Analysts: Schaeffler moves point to “no merger”
Financial analysts from Deutsche Bank described Schaeffler’s decision to pay down debt and increase its direct ownership and free-float in Continetal as “good news”, pointing out that “the overhang is now over.” Crucially, these analysts wrote that these moves signify that “there will be no merger between Schaeffler and Continental.”
For its part Deutsche Bank said Schaeffler’s moves are good news because these bring the firm’s overhang – when market forces put downward pressure on stock prices due to the likelihood of a sale – is now said to be over. “After full-year 2010 results we and the consensus upgraded earnings per share by 20 per cent, [an] upgrade which had no impact on the share price (due to the overhang)…this disposal clarifies the structure of Schaeffler/Continental.”
While not surprised by the news that Continental-majority shareholders Schaeffler Group were selling off stock, other financial analysts suggested that the move could result in stronger shareholder interest and have highlighted the significance of the re-engineering of Schaeffler’s corporate structure. They were also less categorical about suggestions that there definitely won’t be a merger between the two firms in the future.

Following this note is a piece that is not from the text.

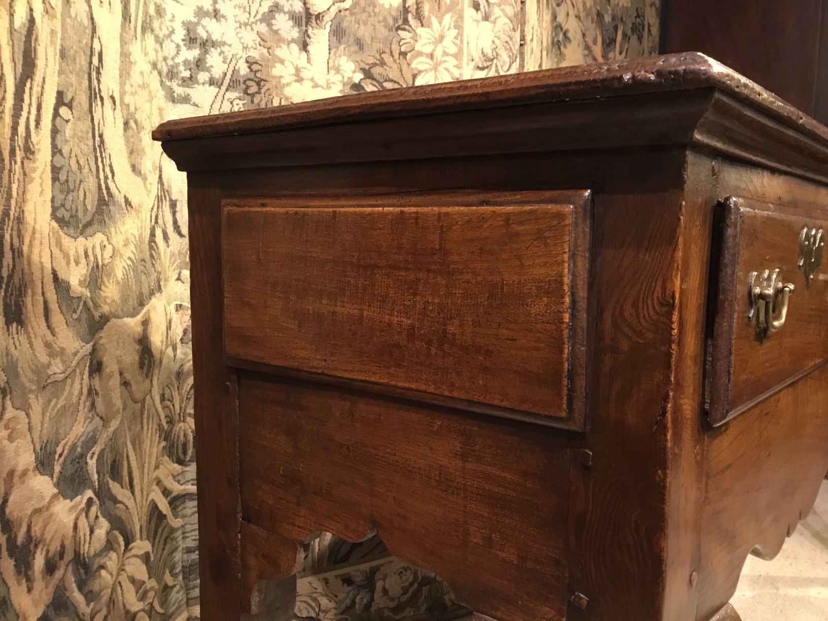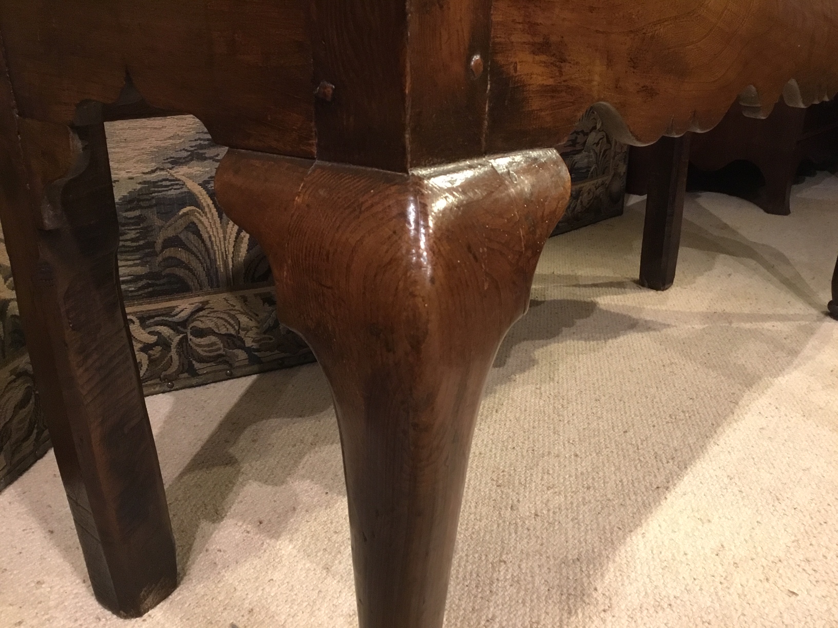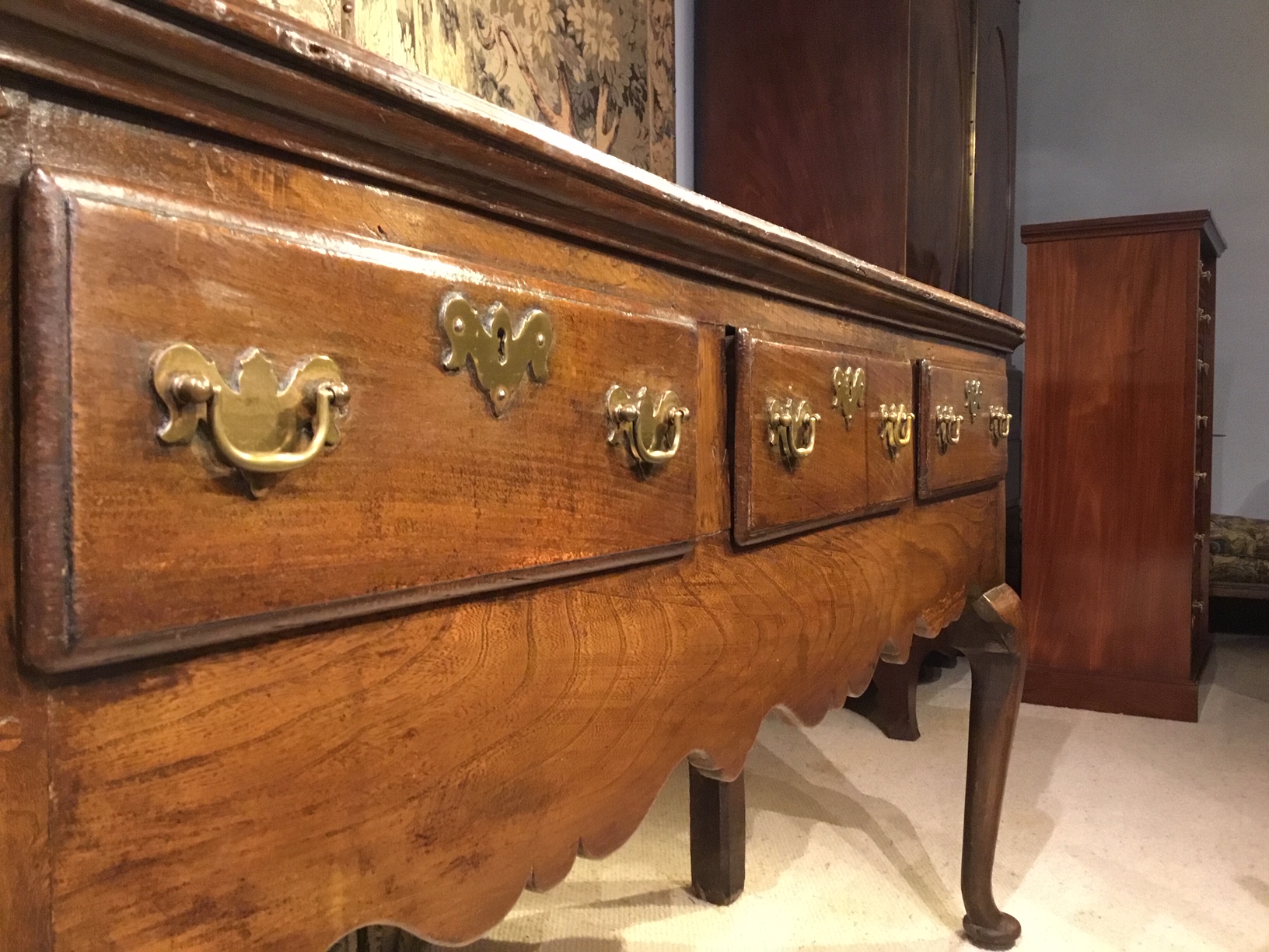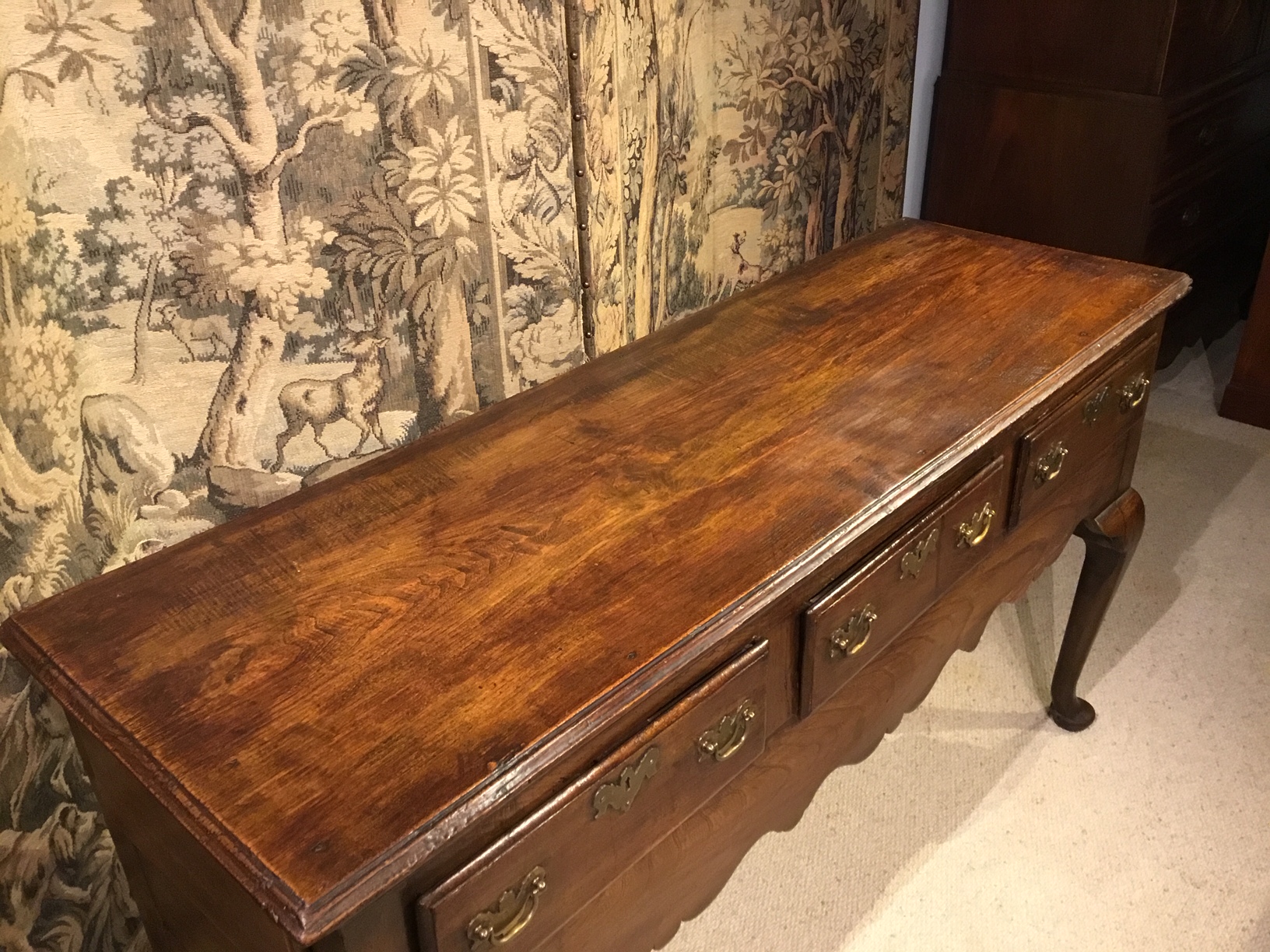 CompareAn elm George III Period cabriole leg dresser base. Having a rectangular single plank elm top above three rectangular frieze drawers with brass swan neck handles and escutcheons and having a wavy apron. Supported on front cabriole supports with pad feet and rear stile supports. English circa 1770-1780, in superb condition, a wonderful colour and patination. The handles are later replacements

“The stock placing was little surprise given the report from FT Germany on 3 March, albeit it was unconfirmed by Schaeffler. However, the announced conversion of Schaeffer to AG is a change not to be underestimated,” Morgan Stanley analysts Edoardo Spina wrote, adding: “We believe Schaeffer’s words on the conversion are clear enough: ‘a further important step towards capital markets readiness and gaining additional financial and strategic flexibility. On this basis, the Schaeffler Group will continue to examine all strategic options to intensify further the close cooperation with Continental AG.’”
Morgan Stanley’s view is that market interest in Conti is now likely to step up. “We believe current renegotiation of the 2012 bank debt could leave Conti with virtually no debt obligations until 2014 – 2015. With an improving maturity profile, strong fundamentals and increasing free float, Conti could start to look more attractive were it not for the uncertain terms of any Schaeffler merger/acquisition.”